Keeping Newcastle small as a form of border control
Kemper’s grandfather Miller Freeman was the secretary of the veterans commission, and was highly influential in advocating for the Internment and forced deportation of the Japanese population. There was no I-90 bridge connecting Bellevue to Seattle back then, so Bellevue was a distant town for Japanese strawberry farmers. Miller Freeman sought to change that, and WWII provided the opportunity.
After internment and relocation, Japanese farmland was purchased and re-purposed by white owners, which eventually became the home of Kemper Freeman’s Bellevue Collection. Following the construction of the I-90 bridge, Bellevue went from being the most distant neighbor on the Eastside to the closest, and the economy boomed.
My article cannot do justice to the amount of injustice that the Freeman family has done to the Japanese population, as well as their later campaign to white wash the history books so the people of Bellevue never learn about it. Joseph Shoji Lachman of the International Examiner writes:
He and other white men were jealous of Nikkei agricultural success, and he saw a way to turn anti-immigrant bigotry into wealth that has lasted for generations. Kemper Freeman Jr., his grandson, donated $100,000 to the campaign for Trump, whose campaign surrogate referenced our incarceration as a ‘precedent’, and who now uses his administration’s power to oppress and exploit immigrant and minority communities.
Hence, Kemper’s desire to keep Newcastle small can simply be viewed as another form of border control, but at the Bellevue level. He wants to fund candidates who will block affordable housing, because he doesn’t want “poor people” at the Southern border of Bellevue, nor does he want to give metro a reason to offer additional bus routes connecting the city.
Why is this important?
Kemper Freeman’s maximum donation to Sarah Goodman doesn’t reveal any sort of secretive plan, but it does highlight their shared values of exclusion and gatekeeping. Kemper Freeman doesn’t care if his opposition to mass transits hurts his businesses, and the “Newcastle First” don’t care if their opposition to affordable housing hurts the city. The only thing they care about is keeping out the “wrong” people, where even the lower-upper class are considered “poor.”
But there’s one important difference: Kemper Freeman still believes in the advantages of high density development, which has been immensely profitable. As such, he’s both willing and able to pay the cost of exclusion, even if it means putting his personal finances at stake.

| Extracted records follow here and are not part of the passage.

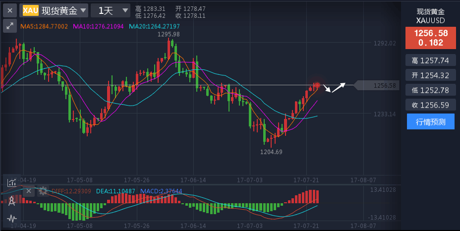 雷蒙宇:黄金1258欲破难破待回调,策略上高沽低渣 谁模糊了你的眼,遮挡了你的视线,让你全都视而不见。市场从不缺投资的热情也不缺行情,缺的是敢急流勇退的人。周一,市场基本是处于一个盘整态势,虽美盘曾小幅走高触及1258一线,却并未能完全破位上去,后回落盘整,足以见上方1258一线的阻力很强。而笔者雷蒙宇在昨日的文
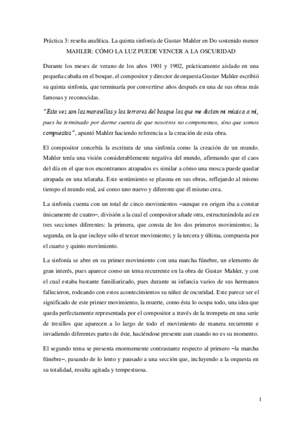 Práctica: reseña desde el punto de vista didáctico sobre la Quinta Sinfonía de Mahler
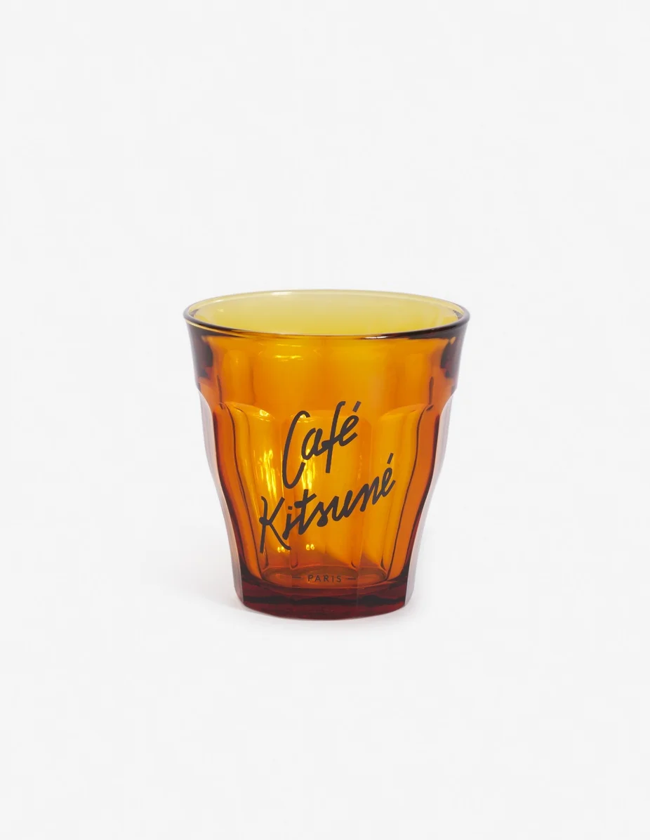 DETAILS Cafe Kitsune collection Duralex Picardie 25 cL glass. - Duralex Picardie clear colored glass - Cafe Kitsune Paris logo print on the front - Capacity: 25 cL - Cafe Kitsune collection OU08110O0011-0110 SIZE & CUT Sizing: UNISEX MATERIAL Main Material: 100% GLASS TRACEABILITY Made in France
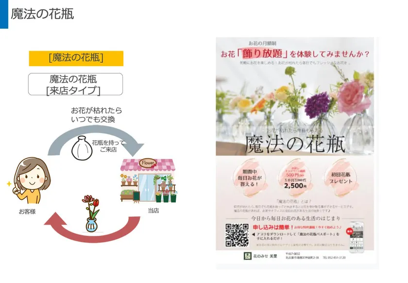 急速に広がる定額制(サブスクリプション)ですが、「お花と緑の定額制サービス」を実現し、今まで近隣のお客様をメインに「毎日でもお花がもらえる」をコンセプトに『魔法の花瓶』を2020年2月よりご提供してまいりました。花の顧客管理システム会社などと協力して考案し、現在は全国の80店舗が参加しています。「気軽に来店してもらえるようにしたかった」想いが、サービス開始当初は約20人でしたが、コロナ禍の中で急増し、現在は270人以上に上ります。
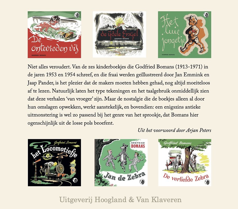 Niet alles veroudert. Van de zes kinderboekjes die Godfried Bomans (1913-1971) in de jaren 1953 en 1954 schreef, en die fraai werden geïllustreerd door Jan Emmink en Jaap Pander, is het plezier dat de makers moeten hebben gehad nog altijd moeiteloos af te lezen. Natuurlijk laten het type tekeningen en het taalgebruik onmiddellijk zien dat deze verhalen ‘van vroeger’ zijn. Maar de nostalgie die de boekjes alleen al door hun omslagen opwekken, werkt aanstekelijk, en bovendien: een enigszins antieke uitmonstering is wel zo passend bij het genre van het sprookje, dat Bomans hier ogenschijnlijk uit de losse pols beoefent.
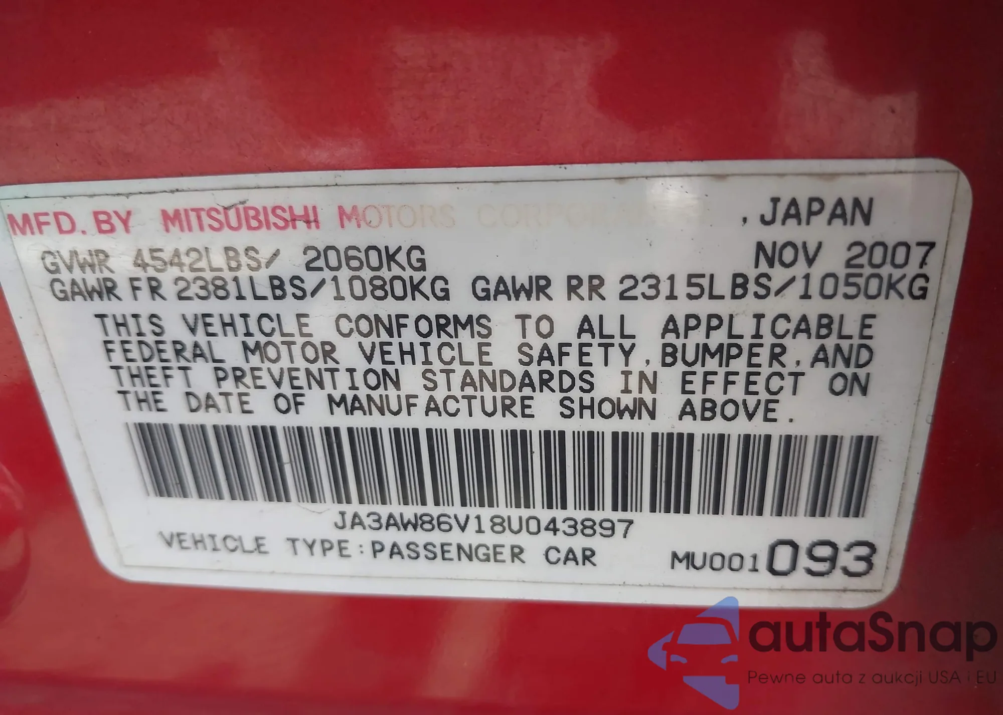 VIN: JA3AW86V18U043897
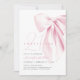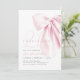 This elegant invitation features a charming blush pink bow and elegant script font.
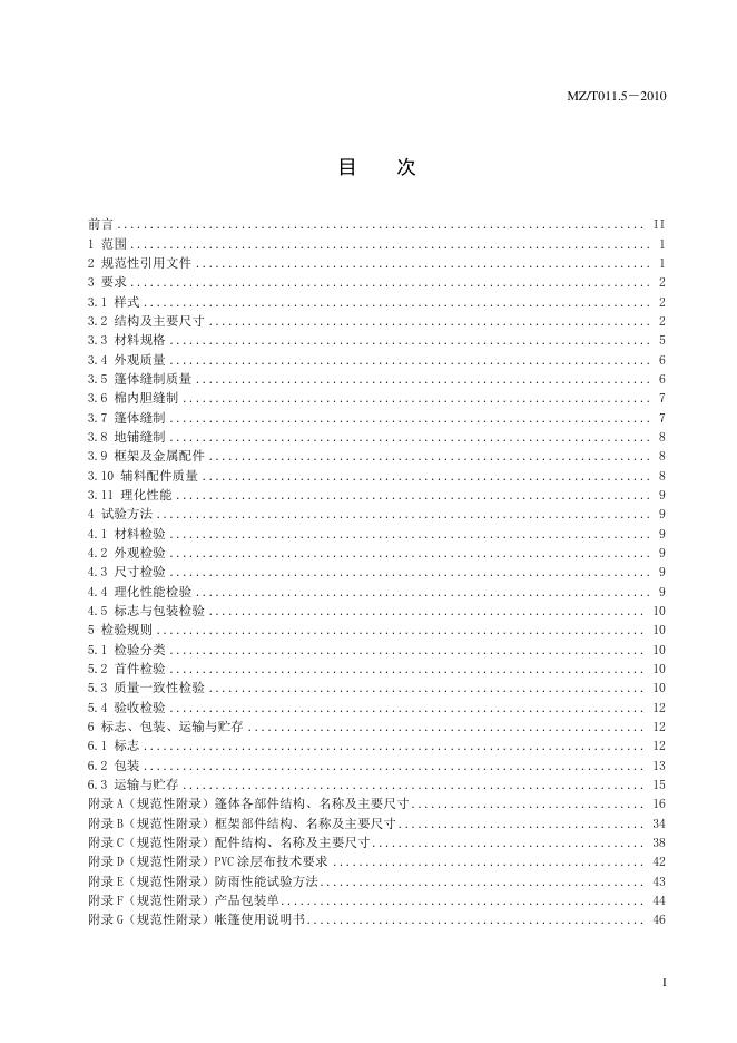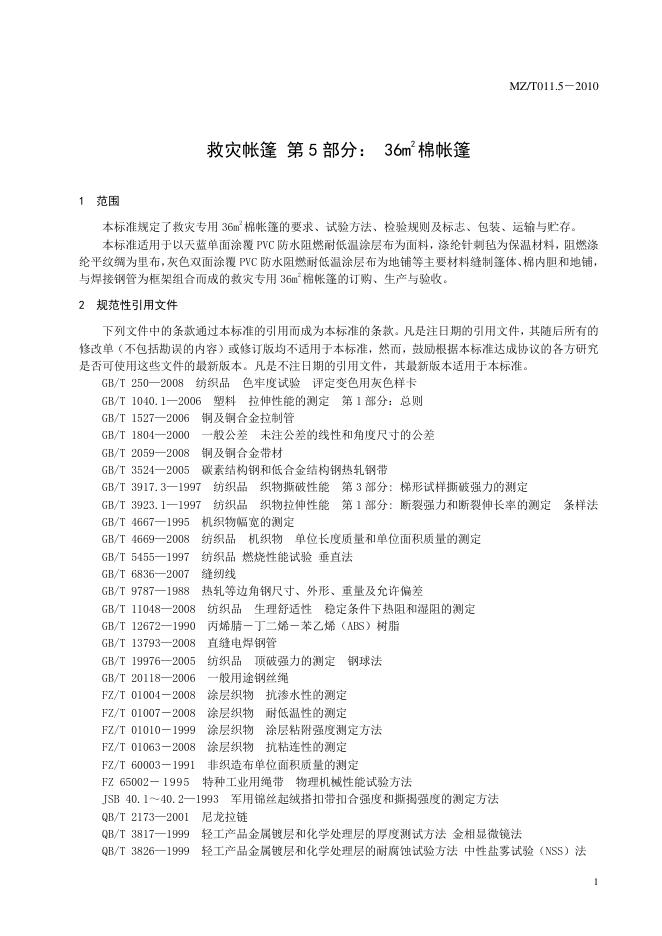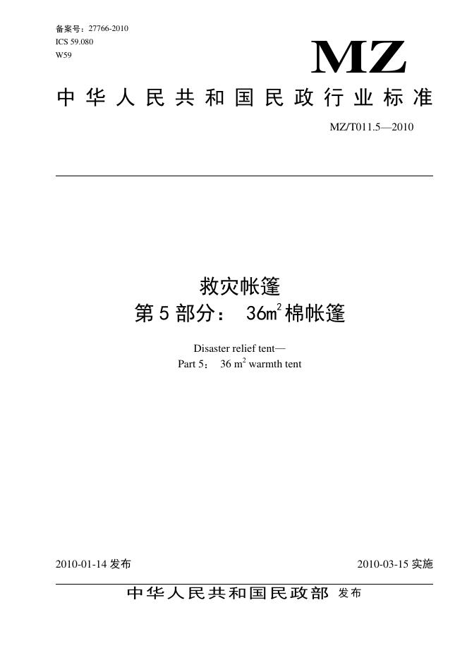 MZ/T 011.5-2010 救灾帐篷 第5部分:36㎡棉帐篷

By contrast, “Newcastle First” advocate for inefficient low-density housing development to support their expensive lawn fetish. They are neither willing nor able to pay for the exclusion they want, but that doesn’t matter to them, because the city is on the hook for their failures. They aren’t putting any of their own money at stake, and the most likely outcome is they beg the neighboring cities who they despise to bail them out.
The “Newcastle First!” candidates running on a MAGA platform are Sarah Goodman, Kevin Kirkaldie, Maggie Lo, and Jim Quigg. Their opponents are four sane candidates endorsed by the democratic party: Andy Jacobs, Chris Villasenor, Paul Charbonneau, and Karin Blakley. We have an upcoming election in November, and if you don’t support MAGA, then I strongly recommend you support the second group and spread the word if you know anyone who lives in the greater Seattle area.